Nicht freigebig zu sein, ist wiederum die Folge einer blinden und bequemen Ichbezogenheit, die kein Wirken nach außen zulässt. Allerdings ist auch der ichbezogene Mensch irgendwie tätig, aber sein Tun gleicht dem eines Träumers, der nie geweckt wird. Das Erwachen wäre für ihn ein sehr schmerzhaftes Erlebnis, darum bleibt er, ob jung oder alt, lieber dabei, sein Ansehen zu mehren oder, mit anderen Worten, langsam zu sterben.

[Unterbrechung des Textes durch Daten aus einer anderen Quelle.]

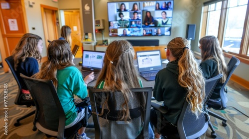 Diverse Group of Students Focused in in a virtual STEM conference

Wie die Freigebigkeit des Herzens, so ist auch die der Hand ein Wirken nach außen, aber damit kommt es oft zu schmerzlichen Irrtümern und bitterer Selbstenthüllung. Freigebigkeit der Hand ist leicht zu erlangen. Freigebigkeit des Herzens kann nicht erworben werden, sie ist da, wo sich das Ich nicht hinter aufgehäuften Werten verschanzt. Verzeihen setzt Verletztsein voraus, verletzt sein kann aber nur, wer Stolz in sich aufgehäuft hat – also braucht der Großmütige nicht zu verzeihen. Großmut des Herzens kann es nicht geben, solange uns die Erinnerung immerzu mit ›Ich‹ und ›Mein‹ in den Ohren liegt.